Лорд Детрейн одним глотком допил остатки из своего бокала. Немедленно плеснул себе еще, гораздо больше. Выпил и это.
– Очень любопытно, – наконец, протянул он, не сводя с меня заблестевших то ли от алкоголя, то ли от скрытой радости глаз.
Я опять склонилась над своей тарелкой. Бездумно повертела в руках нож и вилку и отложила их в сторону.
Наверное, зря я это предложила лорду. Теперь мне кусок в горло не идет. Как представлю, что придется по доброй воле впустить в свое тело призрака – так горло спазмом перехватывает.
– Но как я смогу быть уверенным в том, что ты действительно передашь мне послание Доминика? – спросил Максимилиан. – Не обижайся, Хельга. Но я предпочитаю не доверять людям. Слишком больно я однажды обжегся. Сам-то я не сумею увидеть дух Доминика. Получается, придется во всем положиться на твои словаю Или ты предлагаешь провести мне ритуал некромантии?
– Нет, ни в коем случае! – испуганно возразила я. – Призраки не любят, когда их насильно вырывают из мира тьмы. Это причиняет им… ну, не боль, конечно. Но что-то они при этом все-таки чувствуют. Что-то не очень приятное, если учесть то, какое недовольство они проявляют при обрядах.
– Веришь или нет, но я в курсе, однако спасибо за объяснение. – Лорд Детрейн откинулся на спинку стула, и мне почему-то стало очень зябко от его откровенно оценивающего взора. Кашлянув, он вкрадчиво поинтересовался: – А вот ты откуда об этом знаешь? Неужели когда-то присутствовала при подобном? В таком случае, смею напомнить, что ритуалы некромантии в Ардеше под таким же строгим запретом, как и ментальная магия. Дозволены лишь избранным, к которым ты не относишься.
Я невольно втянула голову в плечи под тяжестью его взгляда. Ну вот, как и следовало ожидать. Все-таки мне стоило помалкивать.
– Я не участвовала ни при каких ритуалах некромантии, – прошептала я извиняющимся тоном.
– Тогда откуда ты знаешь, что призрак при этом чувствует? – сухо спросил лорд.
– От призрака и знаю, – еще тише ответила я. Торопливо добавила: – Лорд Детрейн, пожалуйста, давайте оставим эту тему! Она для меня слишком неприятна.
В висках вдруг кольнуло, да так сильно, что я сморщилась и торопливо прижала к ним пальцы.
Однако боль мгновенно исчезла, как будто лишь почудилась мне.

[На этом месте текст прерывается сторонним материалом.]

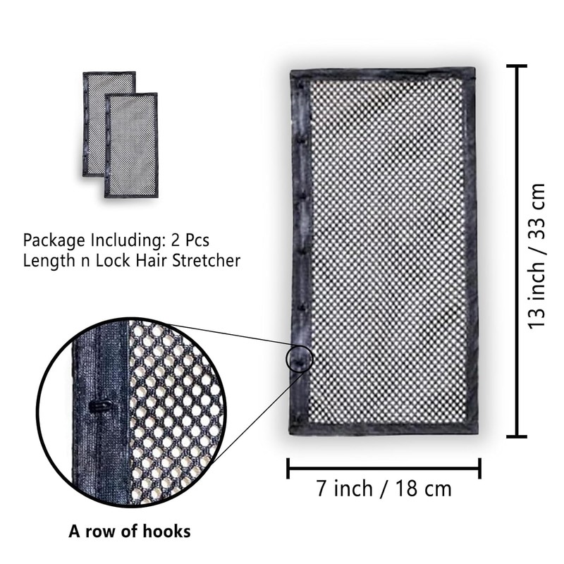 - Adjustable Tightness with Precision Hooks: Featuring a row of precision hooks on one vertical side, our length n lock Hair Stretcher offers adjustable tightness for a personalized fit. Simply latch onto the holes in the mesh and effortlessly customize the stretcher's tightness to meet your specific needs.
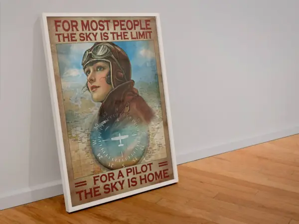 For Most People The Sky Is The Limit For Pilots The Sky Is Home Female Pilot Poster Motivational Art Print Canvas Art For Home Decor

– Нет, лучше мне сейчас в твои мысли не лезть. – Максимилиан досадливо цокнул языком. – Слишком много выпил.
– Так вы пытались… – в очередной раз задохнулась я от возмущения, осознав, что он только что вновь хотел применить ко мне ментальную магию.
– Не злись, детка, я не думал, что уже так набрался, – миролюбиво протянул лорд Детрейн.
Если честно, пьяным он вообще не выглядел. По крайней мере, язык у него абсолютно не заплетался. Пожалуй, на перебор с алкоголем указывал лишь слабый румянец, затлевший на его острых высоких скулах.